Fabrication, characterization and applications development of a microfluidic device for the array deposition of biomolecules

In this work the motivation, fabrication and characterization of a microfluidic device for the flow deposition of biomolecules in an array format has been presented. The continuous flow microspotter (CFM) is a device that utilizes flow through microchannels for flowing biomolecule laden solution over specific areas of a substrate. The biomolecules are deposited on these specific areas to form microarrays. Novel applications have been demonstrated for the CFM. The microfabrication steps for prototyping the CFM have been described and an innovative process for the fabrication of high aspect ratio microfludic devices has been developed. A CFM device made using this process has been successfully tested. The effect of deposition parameters such as concentration, flow rate and time on the deposited arrays has been investigated and optimal conditions for flow deposition have been deduced. A higher flow rate for a shorter time gives better results for nonspecific adsorption and a lower flow rate for a longer time works better for specific adsorption on the substrate. The activity of antibodies (in binding to the corresponding antigens) deposited by the CFM has been verified in comparison with the same antibodies immobilized in-line using a commercially available instrument. The deposition of protein and antibody arrays on a variety of surfaces has been demonstrated using the CFM and compared to conventional array deposition methods.
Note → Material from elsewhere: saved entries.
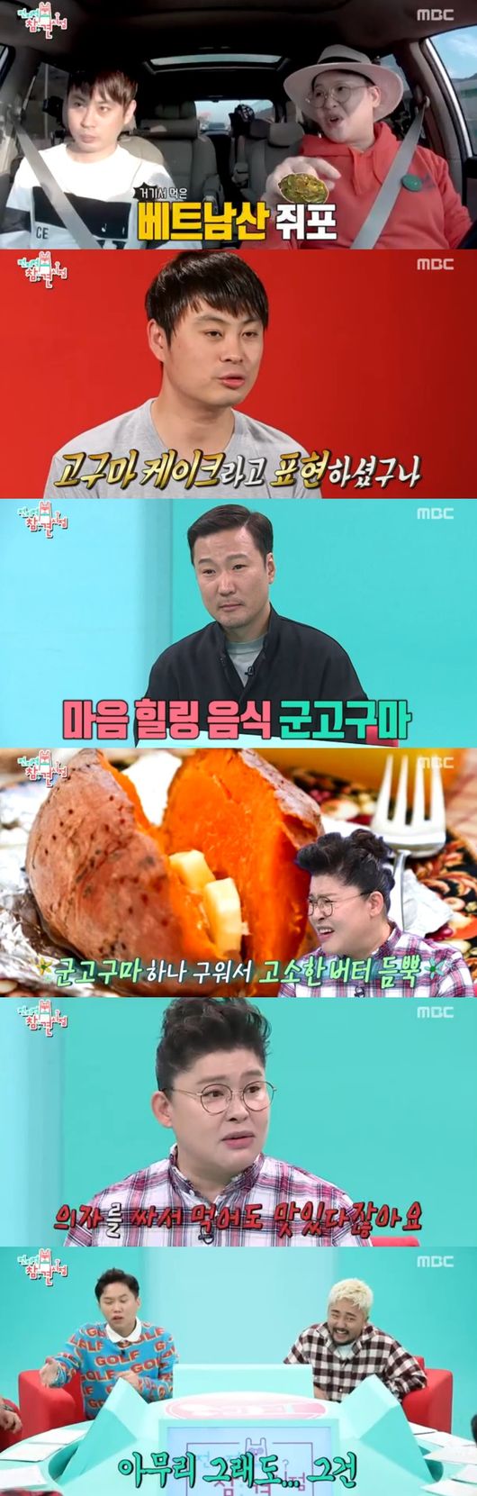 이영자는 송팀장과 함께 소백산 소울푸드를 맛봤다. 소백산 아래에서 먹는 고구마에 대해 이영자는 "내 인생 고구마"라면서 바삭함 속에 부드러움이 숨어있다고 했다. 송팀장은 고구마 케이크라고 표현한 이유를 인정했다. 양세형은 "체했을 때 한방통닭, 목감기엔 만두전골이라면 군고구마는 뭐냐"고 질문, 이영자는 "영혼이 허기질 때"라면서 마음의 힐링 음식이 군고구마라고 했다. 이어 "고소한 버터로 급하게 치료해줘야한다"고 했다. 모두 김치와 고구마 조합을 묻자, 이영자는 "김치는 고구마의 맛을 자기화시킨다, 김치는 의자를 싸서 먹어도 맛있는 것"이라고 말해 배꼽을 잡게 했다.
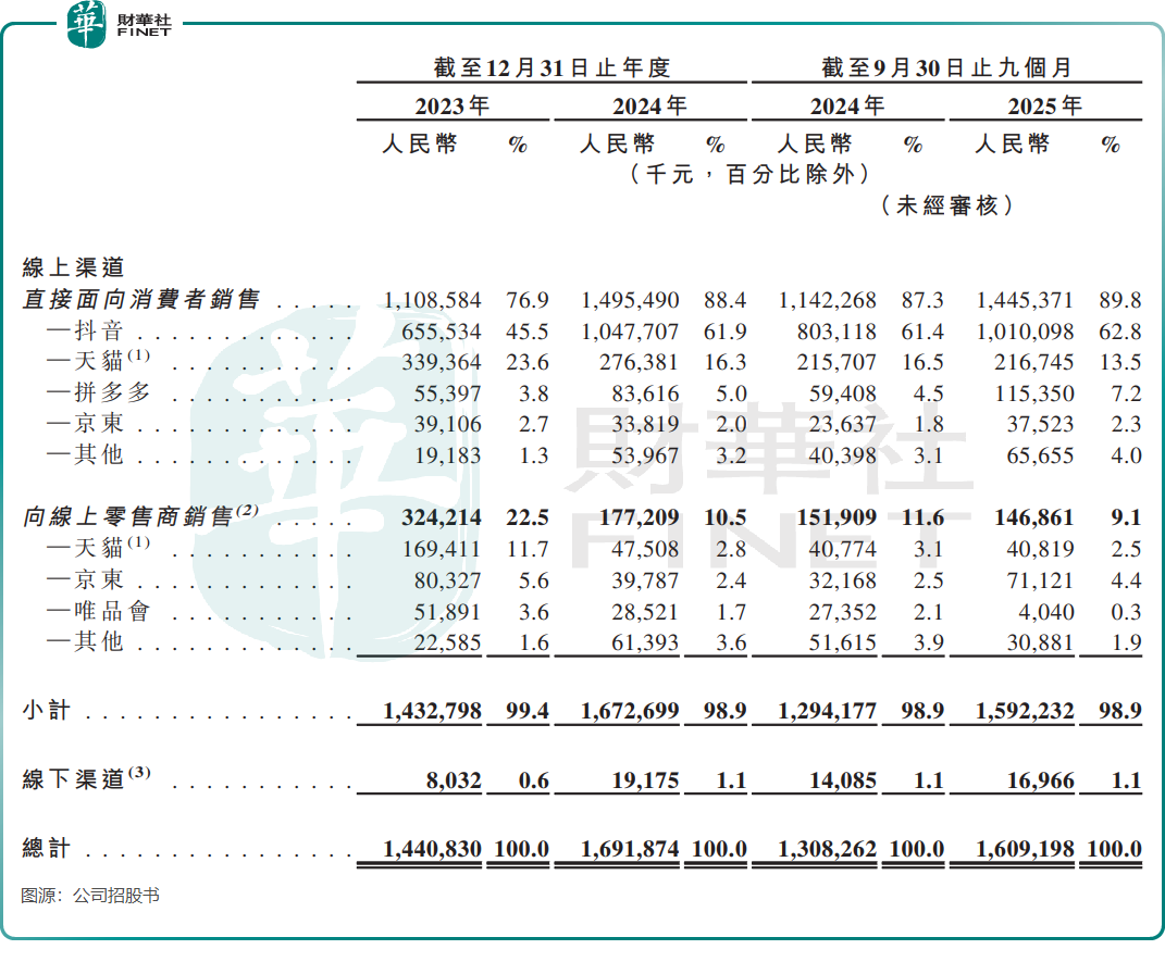 最突出的隐患是渠道上的“单腿走路”。接近99%的收入依赖线上直接销售,其中抖音一家独大,使公司的经营命脉与单一平台的生态深度绑定。在兴趣电商领域,平台规则、算法和流量成本的任何风吹草动,都可能对公司造成直接冲击。
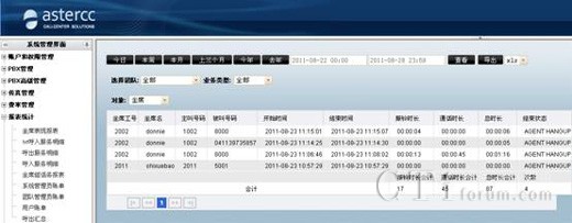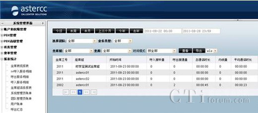 asterCC自動生成的各種數(shù)據(jù)報(bào)表,讓您能很快的從成千上萬的通話中分析到關(guān)鍵的信息。這樣銷售業(yè)績及客服質(zhì)量的情況便清晰可見。根據(jù)豐富的數(shù)據(jù)報(bào)表,給決策者做戰(zhàn)略性市場定位提供有力的數(shù)據(jù)參考,對業(yè)務(wù)的開展也起到了促進(jìn)作用,同時也便于進(jìn)行員工的績效考核。
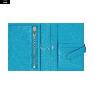 Portefeuille compact en chevre Mysore, ferme par une patte en cuir et un fermoir « H » ajoure plaque ora l'interieur : un porte-monnaie avec fermeture a glissiere, quatre poches cartes de credit et quatre poche*esFabrique en France
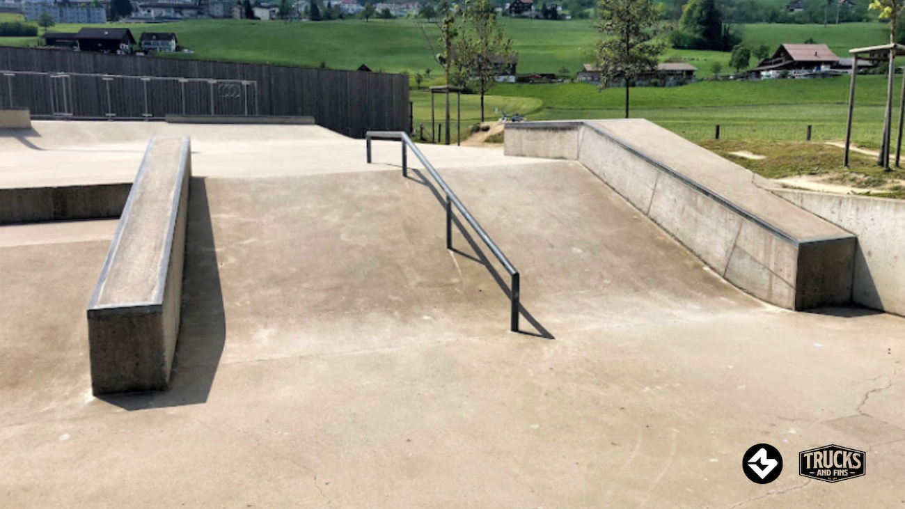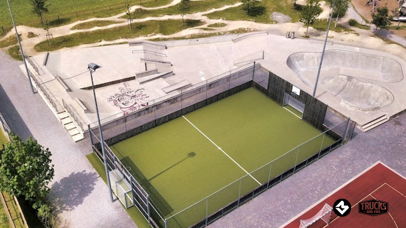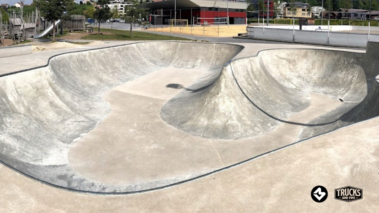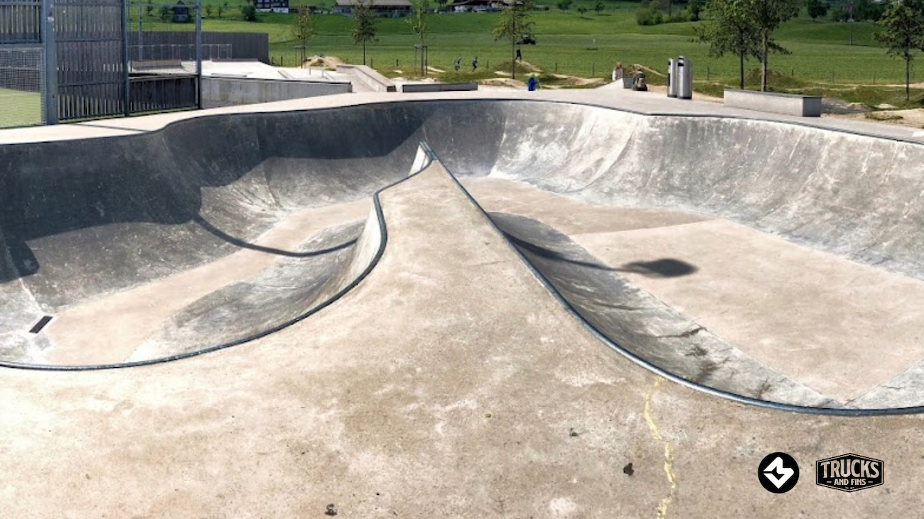 The concrete skate park is located directly in the freely accessible Erlenmoos amusement park. It is around 700m² in size and has, among other things, a bowl and a street park.
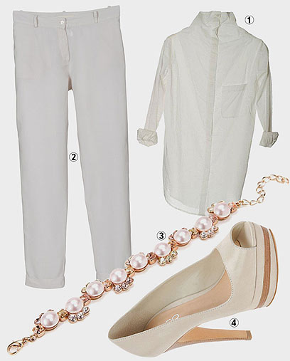 1. חולצת אובר סייז: צ'יפ מאנדיי לבל אנד סו, 319 שקל; 2. מכנסיים: אמריקן וינטג', 285 שקל; 3. צמיד: אבגד, 175 שקל; 4. עקבים: אלדו, 400 שקל (אחרי הנחה)
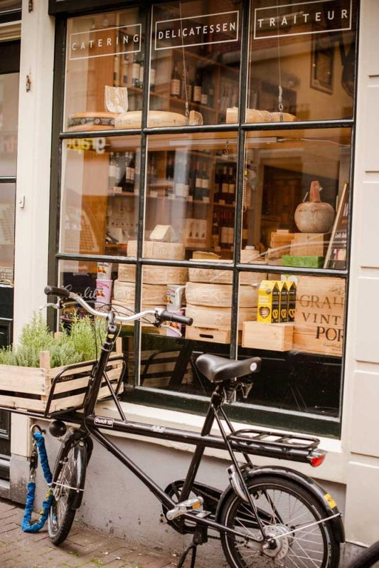 Amsterdam Delicatessen I White Modern Wood Framed Art Print with Double Matting by Berzel, Erin
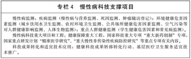 2.推動科技成果轉(zhuǎn)化和適宜技術(shù)應用。系統(tǒng)加強慢性病防治科研布局,推進相關科研項目。進一步加強國家臨床醫(yī)學研究中心和協(xié)同創(chuàng)新網(wǎng)絡建設,完善重大慢性病研究體系。以信息、生物和醫(yī)學科技融合發(fā)展為引領,加強慢性病防治基礎研究、應用研究和轉(zhuǎn)化醫(yī)學研究。統(tǒng)籌優(yōu)勢力量,推進慢性病致病因素、發(fā)病機制、預防干預、診療康復、醫(yī)療器械、新型疫苗和創(chuàng)新藥物等研究,重點突破精準醫(yī)療、“互聯(lián)網(wǎng)+”健康醫(yī)療、大數(shù)據(jù)等應用的關鍵技術(shù),支持基因檢測等新技術(shù)、新產(chǎn)品在慢性病防治領域推廣應用。針對中醫(yī)藥具有優(yōu)勢的慢性病病種,總結(jié)形成慢性病中醫(yī)健康干預方案并推廣應用。結(jié)合慢性病防治需求,遴選成熟有效的慢性病預防、診療、康復保健適宜技術(shù),加快成果轉(zhuǎn)化和應用推廣。開展慢性病社會決定因素與疾病負擔研究,探索有效的慢性病防控路徑。在專業(yè)人才培養(yǎng)培訓、信息溝通及共享、防治技術(shù)交流與合作、能力建設等方面積極參與國際慢性病防治交流與合作。
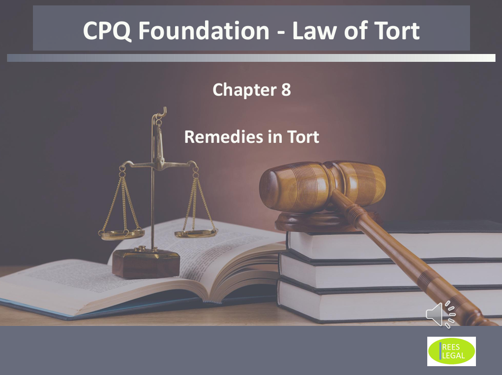 Law of Tort CPQ Chapter 8 - Remedies in Tort
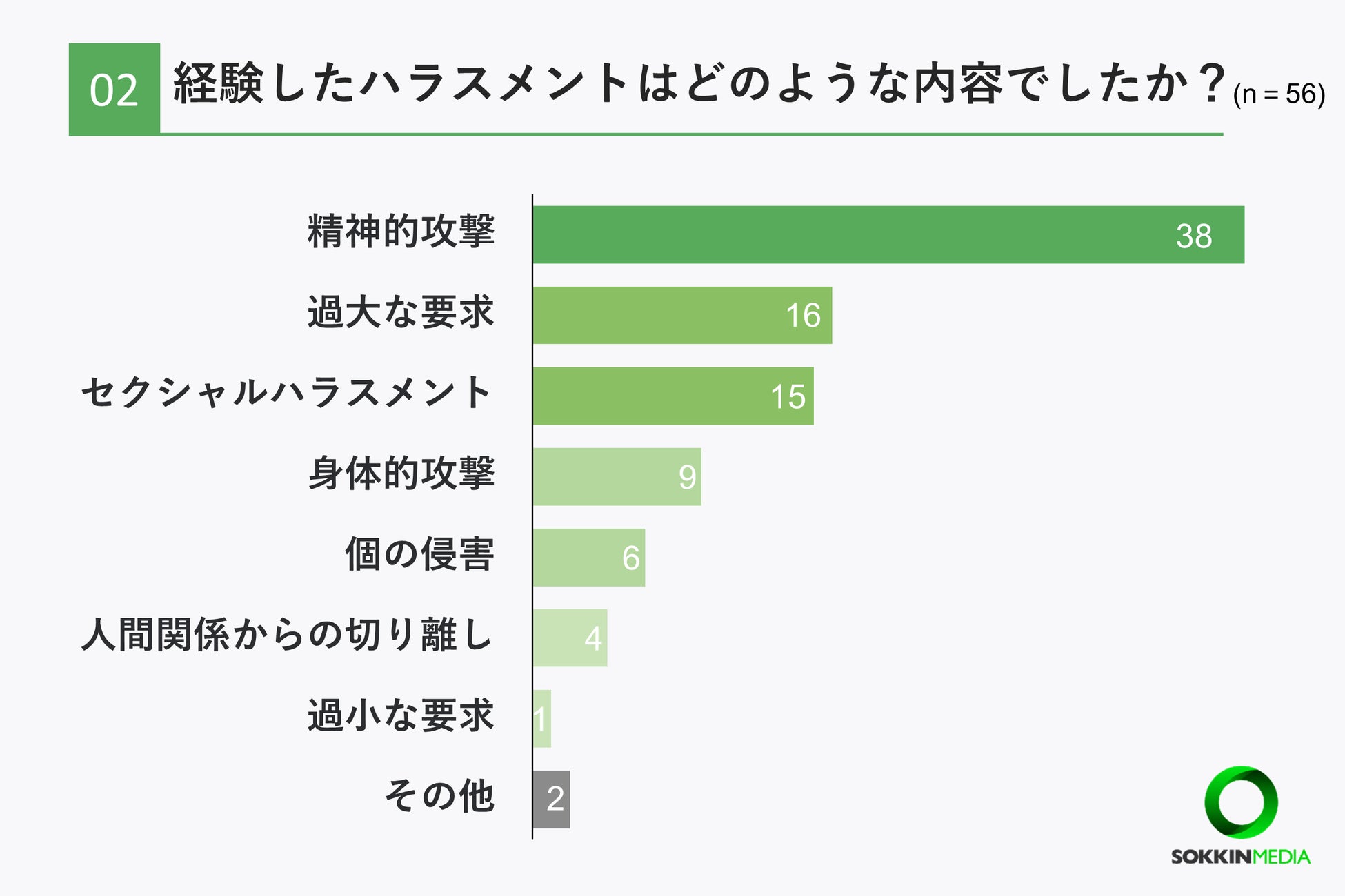「Q2. 経験したハラスメントはどのような内容でしたか? 」という問いに対して「精神的攻撃」が38票と最も多く、次いで「過大な要求」が16票という結果になりました。

The results show the advantages of using flow deposition over conventional methods in producing high quality arrays from both dilute and concentrated solutions. Other applications for the CFM such as sequential chemistry on a spot, antibody capture from complex mixtures and antibody affinity determination have been proven. The flow deposition has been modeled using a computational fluid dynamics program and the model verified against experimental data. The model accounts for convective, diffusive transport and adsorption reaction at the surface. The relative rates of these processes affect the quantity of the biomolecules deposited on the array substrate.;The feasibility of the CFM as a device for flow deposition has been confirmed for a variety of biomolecules with different surface capture mechanisms. Optimal operating conditions for the CFM have been evaluated. The CFM can be used as a device to increase quality and throughput of biomolecular arrays for a variety of applications.